Lumber prices are expected to increase sharply as early as the second quarter of 2026 due to continued United States trade restrictions and tariff policies, based on analysis by Russ Taylor, President of Russ Taylor Global.
Taylor forecasts that the current system of countervailing and anti-dumping duties imposed by the United States will restrict Canadian exports, reducing available lumber supply in the US market. These measures are expected to raise domestic lumber prices for American consumers, home builders, and contractors.
According to Taylor, the combination of excessive tariffs and persistent duties under US Trade Law will continue to penalize Canadian producers and discourage imports. This protectionist strategy is designed to increase profits for US timberland and lumber producers at the expense of buyers who face higher material costs.
The analyst explains that the United States aims to reduce Canada’s share of the US lumber market from about 23% to single digits. Achieving this objective would require a major expansion of domestic lumber production and restrictions on imports from Canada, Europe, and the Southern Hemisphere. Such production growth is unlikely in the near term. When US demand rises, imports will still be required to fill the supply gap, which will cause significant price spikes by Q2 2026.

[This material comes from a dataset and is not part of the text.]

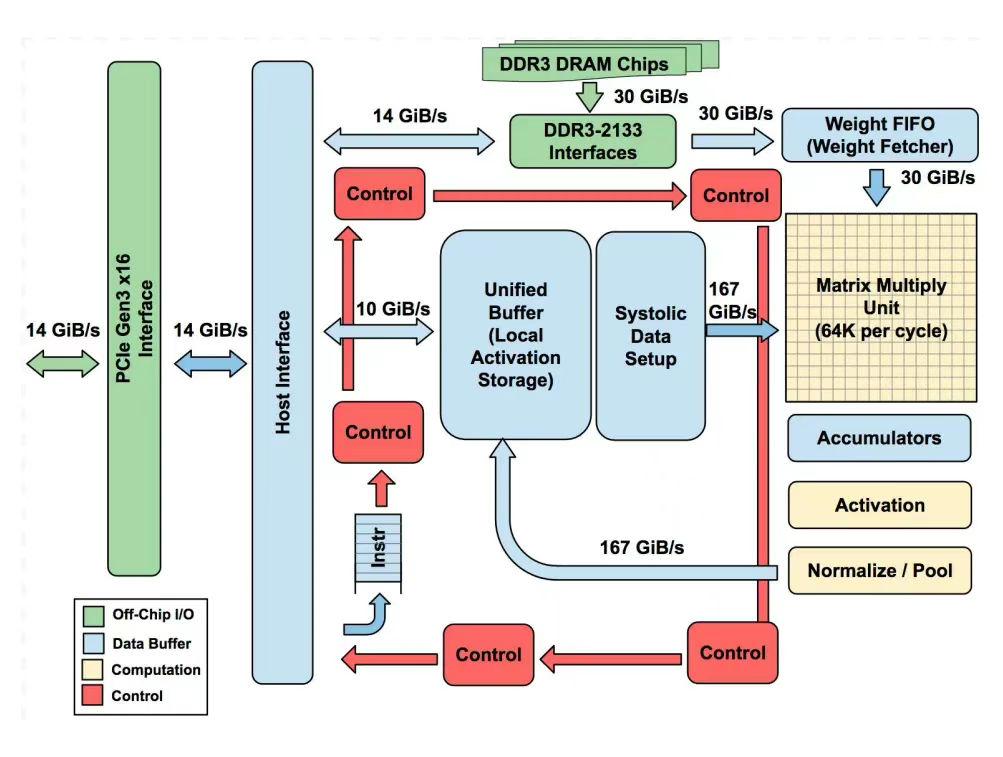 控制逻辑、PCIe 接口和激活单元(用于 ReLU、sigmoid 等函数)为矩阵引擎提供支持,但芯片的大部分面积都用于原始计算和高速数据传输。

The upcoming price volatility is attributed to the combined effects of restrictive duties, import limitations, and inadequate domestic capacity. As a result, market instability is expected to persist, with high prices ultimately passed on to US consumers and builders.
Taylor concludes that fair and transparent trade policies are essential to stabilize lumber markets on both sides of the border. He warns that continued protectionism will sustain price volatility and increase costs for the construction sector.